At block 918, the data warehouse 126 validates the generated rim weights 138. For example, to ensure that the rim weighting is running correctly, the weighting module 136 may select determined rim weights 138 for one or more area indications 108 for validation. In some examples, this selection may be performed randomly, while in other cases all or substantially all of the determined rim weights 138 may be validated by the weighting module 136. To perform the validation, the weighting module 136 may determine whether a sum of the rim weights 138 add up to a correct total of subscribers indicated by the subscriber base information 112 as included within the area indications 108. For instance, if the demographic information 104 indicates that there are 5,000 individuals in a particular DMA, then the rim weighted subscriber counts for that area should sum up to substantially 5,000 subscribers as well. In some cases, due to rounding the rim weights 138 may be off by on the order of one subscriber, which the weighting module 136 may still be configured to consider as valid. However, in cases where the rim weighted subscriber counts differ substantially from the actual number of individuals, then the weighting module 136 may indicate that the rim weights 138 are incorrect. As yet a further verification, the weighting module 136 may confirm that all of the subscriber rim weights 138 average to one. If the weighting module 136 determines the rim weights 138 to be valid, control passes to block 920. Otherwise, control passes to block 922.

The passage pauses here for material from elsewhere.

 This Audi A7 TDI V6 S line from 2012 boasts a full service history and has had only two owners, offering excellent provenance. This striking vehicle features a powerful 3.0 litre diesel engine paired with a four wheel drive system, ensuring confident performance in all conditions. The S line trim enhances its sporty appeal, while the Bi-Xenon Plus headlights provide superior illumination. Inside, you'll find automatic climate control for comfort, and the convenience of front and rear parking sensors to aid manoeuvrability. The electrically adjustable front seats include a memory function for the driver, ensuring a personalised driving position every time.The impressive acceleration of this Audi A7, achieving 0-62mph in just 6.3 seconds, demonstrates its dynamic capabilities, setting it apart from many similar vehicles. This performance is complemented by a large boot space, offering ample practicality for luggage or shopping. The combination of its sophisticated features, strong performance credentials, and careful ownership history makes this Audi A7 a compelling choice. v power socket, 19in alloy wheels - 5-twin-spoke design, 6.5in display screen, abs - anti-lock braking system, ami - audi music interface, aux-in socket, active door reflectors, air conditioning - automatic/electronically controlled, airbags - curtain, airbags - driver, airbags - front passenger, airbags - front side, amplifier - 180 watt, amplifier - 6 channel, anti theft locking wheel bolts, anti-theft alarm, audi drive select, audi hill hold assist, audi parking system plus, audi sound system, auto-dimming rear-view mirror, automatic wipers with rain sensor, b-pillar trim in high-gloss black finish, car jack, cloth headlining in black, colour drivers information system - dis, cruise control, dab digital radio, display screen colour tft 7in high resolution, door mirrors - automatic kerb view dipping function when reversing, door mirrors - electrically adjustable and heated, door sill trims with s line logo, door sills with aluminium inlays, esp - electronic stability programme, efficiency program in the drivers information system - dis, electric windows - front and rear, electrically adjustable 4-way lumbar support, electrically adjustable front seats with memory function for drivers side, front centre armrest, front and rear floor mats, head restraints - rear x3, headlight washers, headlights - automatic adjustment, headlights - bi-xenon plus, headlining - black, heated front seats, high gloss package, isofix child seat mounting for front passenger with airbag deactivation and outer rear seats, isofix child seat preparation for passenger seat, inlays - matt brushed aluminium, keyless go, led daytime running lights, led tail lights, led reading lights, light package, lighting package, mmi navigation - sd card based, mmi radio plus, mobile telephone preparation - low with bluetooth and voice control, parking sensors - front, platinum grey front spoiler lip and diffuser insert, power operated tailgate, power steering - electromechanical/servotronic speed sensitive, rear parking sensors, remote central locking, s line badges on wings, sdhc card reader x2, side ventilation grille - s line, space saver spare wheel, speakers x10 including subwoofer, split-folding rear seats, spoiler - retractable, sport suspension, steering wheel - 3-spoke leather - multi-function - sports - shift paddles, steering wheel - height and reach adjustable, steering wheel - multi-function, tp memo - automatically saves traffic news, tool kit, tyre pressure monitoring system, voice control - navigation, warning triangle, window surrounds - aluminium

At block 920, the data warehouse 126 indicates that the rim weights 138 and national weights 140 are generated successfully. For example, the rim weights 138 and national weights 140 may be provided to the data store 128 to be maintained and used to weight and extrapolate subscriber data (e.g., network usage data 118, web and application usage data, etc.) to be representative in proportion and size to the population at large. In some cases, a message may be provided to a system administrator or placed in a log file that the rim weights 138 and national weights 140 are generated successfully. After block 920, the process 900 ends.
At block 922, the data warehouse 126 indicates that the rim weights 138 and national weights 140 are not generated successfully. For example, the rim weights 138 and national weights 140 may not be provided to the data store 128 and previous rim weights 138 and national weights 140 may be used. As another possibility, a message may be provided to a system administrator or placed in a log file that the rim weights 138 and national weights 140 are not generated successfully. After block 922, the process 900 ends.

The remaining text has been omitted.